### Your assignment:
Once the images are removed, set down everything else in the listing below exactly.

### Data:

'''

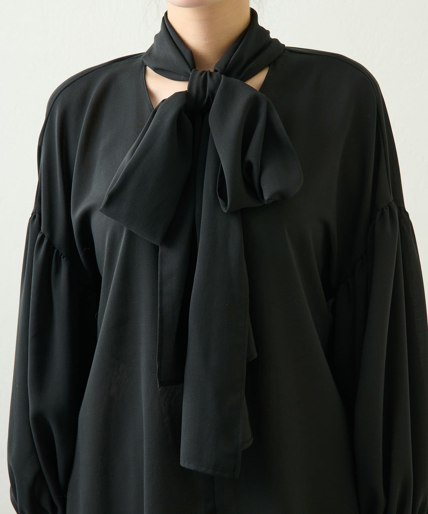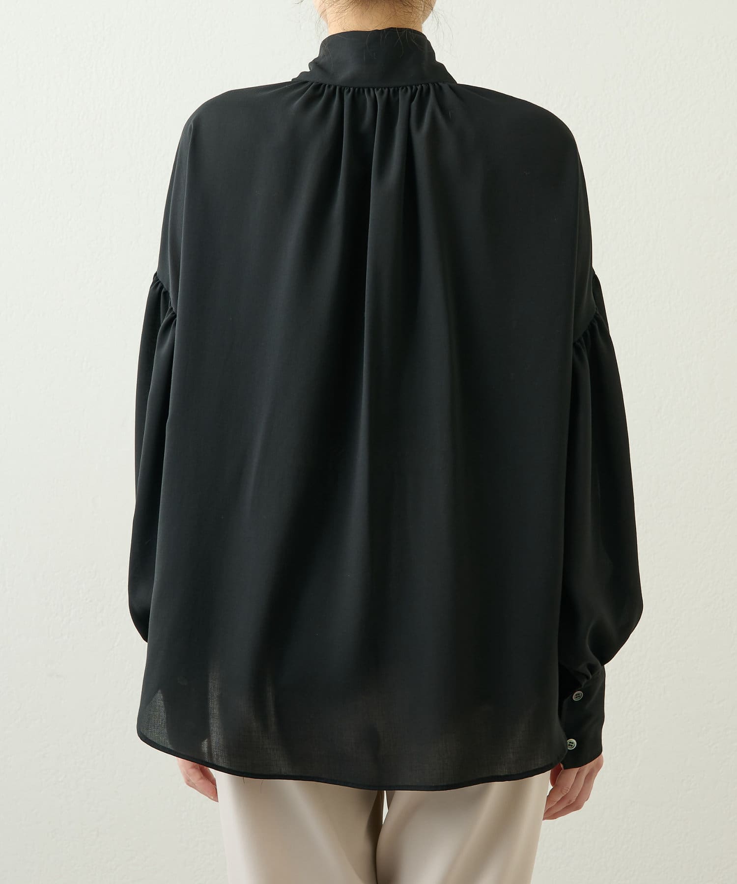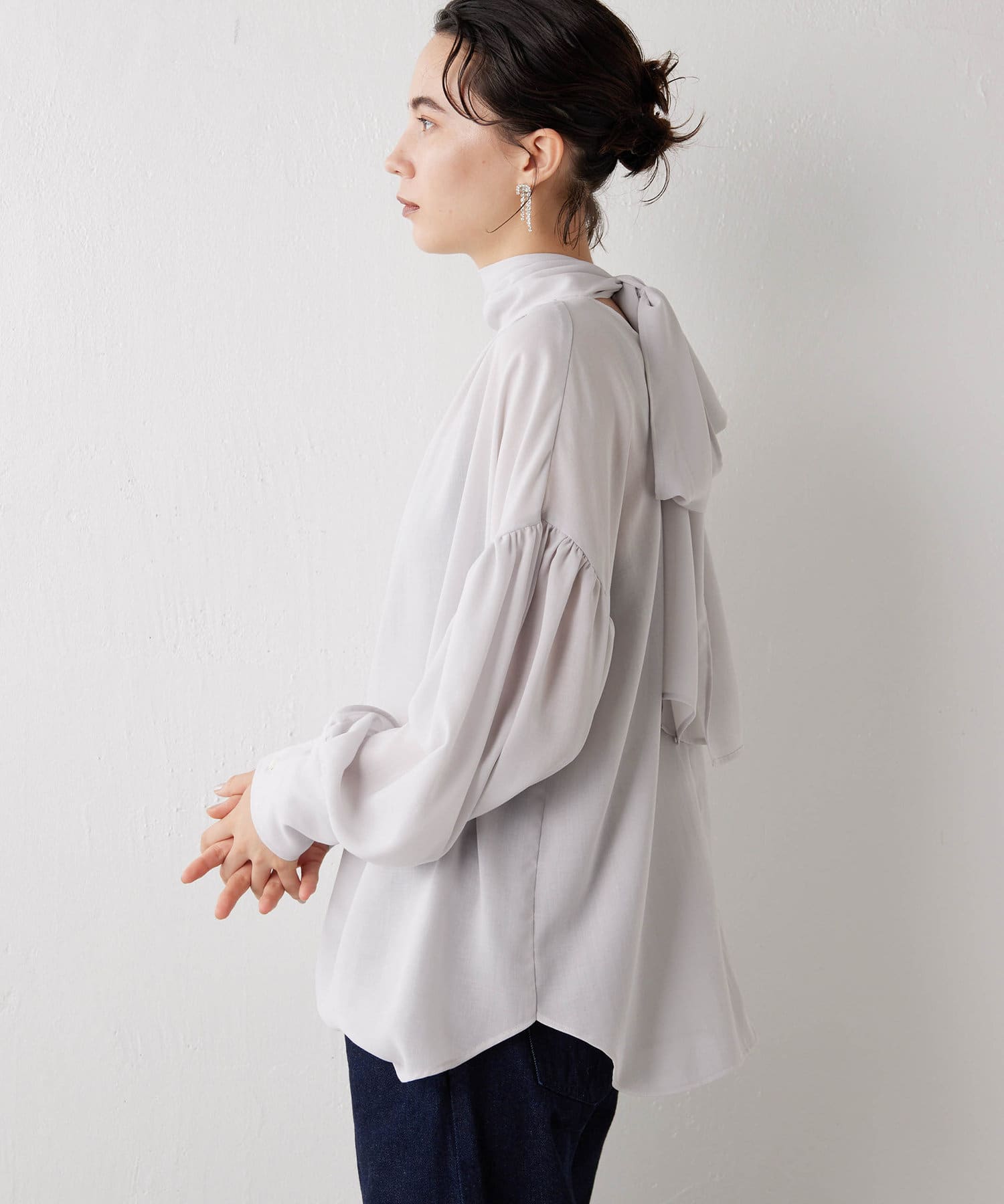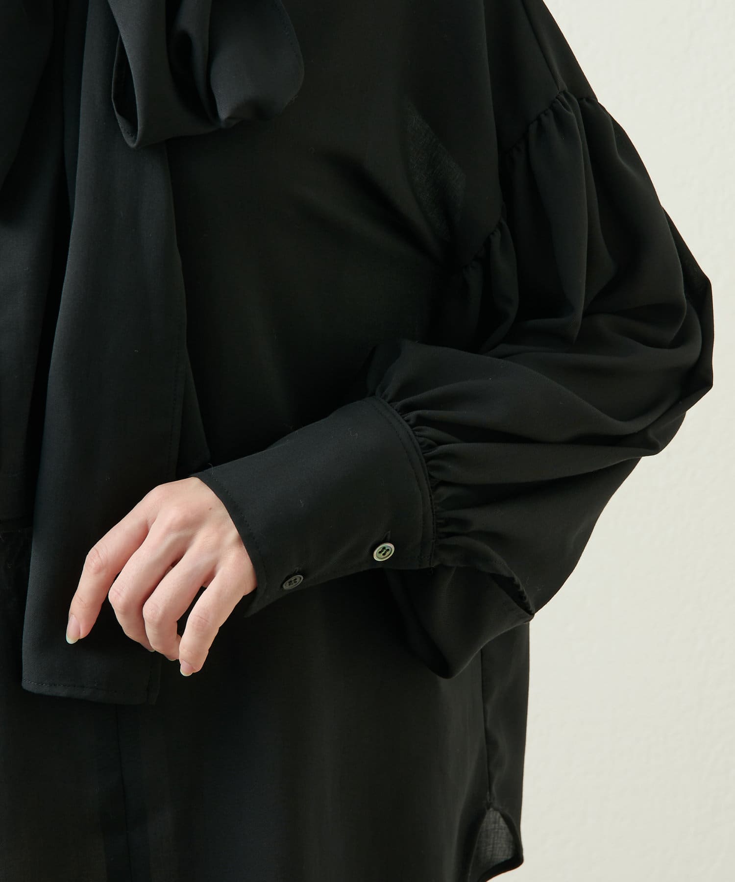 ■ボリューム感のあるギャザースリーブとボウタイが印象的なブラウス。
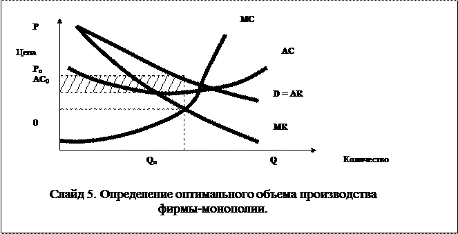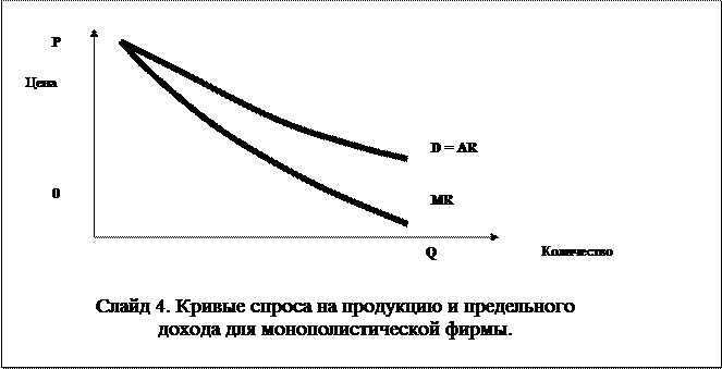 3. Монополист воздействует на рыночную цену, то есть кривая спроса монополиста имеет отрицательный наклон. При этом кривая спроса и среднего дохода (D=AR) проходит выше уровня кривой предельного дохода монополиста (MC).
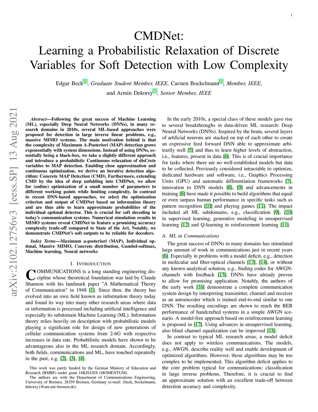 Following the great success of Machine Learning (ML), especially Deep Neural Networks (DNNs), in many research domains in 2010s, several ML-based approaches were proposed for detection in large inverse linear problems, e.g., massive MIMO systems. The main motivation behind is that the complexity of Maximum A-Posteriori (MAP) detection grows exponentially with system dimensions. Instead of using DNNs, essentially being a black-box, we take a slightly different approach and introduce a probabilistic Continuous relaxation of disCrete variables to MAP detection. Enabling close approximation and continuous optimization, we derive an iterative detection algorithm: Concrete MAP Detection (CMD). Furthermore, extending CMD by the idea of deep unfolding into CMDNet, we allow for (online) optimization of a small number of parameters to different working points while limiting complexity. In contrast to recent DNN-based approaches, we select the optimization criterion and output of CMDNet based on information theory and are thus able to learn approximate probabilities of the individual optimal detector. This is crucial for soft decoding in today's communication systems. Numerical simulation results in MIMO systems reveal CMDNet to feature a promising accuracy complexity trade-off compared to State of the Art. Notably, we demonstrate CMDNet's soft outputs to be reliable for decoders.

'''

### Result of the task:
 ■ボリューム感のあるギャザースリーブとボウタイが印象的なブラウス。
 3. Монополист воздействует на рыночную цену, то есть кривая спроса монополиста имеет отрицательный наклон. При этом кривая спроса и среднего дохода (D=AR) проходит выше уровня кривой предельного дохода монополиста (MC).
 Following the great success of Machine Learning (ML), especially Deep Neural Networks (DNNs), in many research domains in 2010s, several ML-based approaches were proposed for detection in large inverse linear problems, e.g., massive MIMO systems. The main motivation behind is that the complexity of Maximum A-Posteriori (MAP) detection grows exponentially with system dimensions. Instead of using DNNs, essentially being a black-box, we take a slightly different approach and introduce a probabilistic Continuous relaxation of disCrete variables to MAP detection. Enabling close approximation and continuous optimization, we derive an iterative detection algorithm: Concrete MAP Detection (CMD). Furthermore, extending CMD by the idea of deep unfolding into CMDNet, we allow for (online) optimization of a small number of parameters to different working points while limiting complexity. In contrast to recent DNN-based approaches, we select the optimization criterion and output of CMDNet based on information theory and are thus able to learn approximate probabilities of the individual optimal detector. This is crucial for soft decoding in today's communication systems. Numerical simulation results in MIMO systems reveal CMDNet to feature a promising accuracy complexity trade-off compared to State of the Art. Notably, we demonstrate CMDNet's soft outputs to be reliable for decoders.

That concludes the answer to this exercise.